Johann Friedrich Blumenbach, who produced the “most authoritative classification of the races” of the Enlightenment, considered Caucasians the first human race.  All other races, he held, had, as George M. Fredrickson writes, “diverged or degenerated.”[5]  “Whatever their intentions, Linnaeus, Blumenbach, and other eighteenth-century ethnologists opened the way to a secular or scientific racism by considering human beings part of the animal kingdom rather than viewing them in biblical terms as children of God endowed with spiritual capacities denied to other creatures.”[6] (Correction for Fredrickson’s statement: While his point is well taken, only Christians are children of God [Jn. 1:12], via adoption. However, all men, Christians and non-Christians alike, are creations of God and, unlike animals, are made in God’s image.)

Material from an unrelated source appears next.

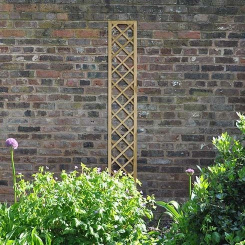The lattice features substantial 8mm thick battens (20mm wide) which are smooth-planed and rounded, overlaid and mounted in a substantial rebated perimeter frame which is also smooth-planed. The battens on the Hidcote Lattice are spaced 90mm apart which makes it ideal for use as a frame for climbing plants that need wider gaps such as climbing roses.

Excerpt from the (Lord willing) upcoming book, God is Just: A Defense of the Old Testament Civil Laws: Biblical Theocracy, Justice, and Slavery versus Humanistic Theocracy, "Justice," and Slavery by Steve C. Halbrook.  Copyright © 2010 by Steve C. Halbrook.  Based on the master's thesis, God is Just: A Defense of the Old Testament Civil Laws.

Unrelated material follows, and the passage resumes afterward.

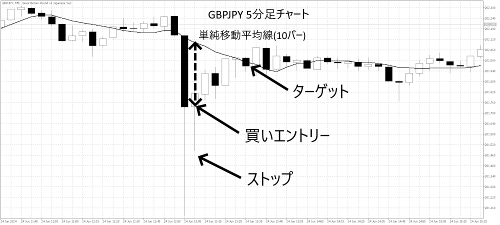 選挙が近づくにつれ、市場のボラティリティが増加する可能性が高くなります。世論調査に関する見出しによって市場が過剰反応を引き起こすことがあるので、それを利用する効果的な戦略として、5分足チャートを用いたレンジトレーディングがあります。10日単純移動平均線(10 bar SMA)から大きなギャップがある場合(例えば10ピップス以上)、それはトレーディングのチャンスを示しています。移動平均線よりも下に価格ギャップがある場合は買い、上にある場合は売りに入ります。市場が平均に戻り始めることを示す確認信号を待つことが重要です。この確認は、買いの場合は上向きバー、売りの場合は下向きバーがそれに該当します。目標は、価格が移動平均線に戻るときにトレードを終了し、一時的な市場の非合理性を利用して利益を確定させることです。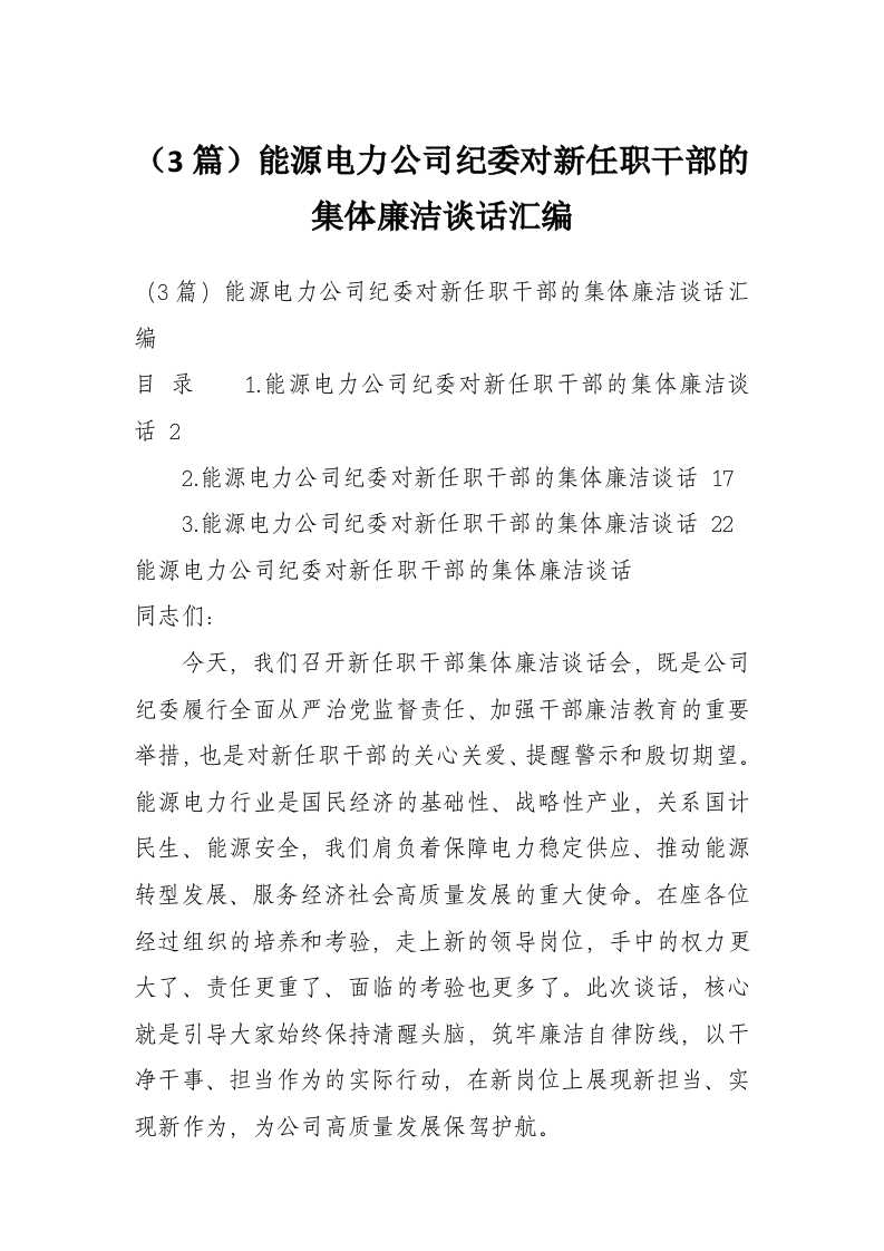 (3篇)能源电力公司纪委对新任职干部的集体廉洁谈话汇编

     [1] Louis L. Snyder, “Racialism: Its Meaning and History,” in Ellis Cashmore and James Jennings, eds., Racism: Essential Readings (London: SAGE Publications, 2001), 92.
     [2] George M. Fredrickson, Racism: A Short History (Princeton, NJ: Princeton University Press, 2002), 56.
     [3] Ibid.
     [4] Emmanuel Chukwudi Eze, ed., Race and the Enlightenment: A Reader (Cambridge, Mass., 1997), 13.  Cited in Fredrickson, Racism: A Short History, 56.
     [5] Fredrickson, Racism: A Short History, 57.
     [6] Ibid.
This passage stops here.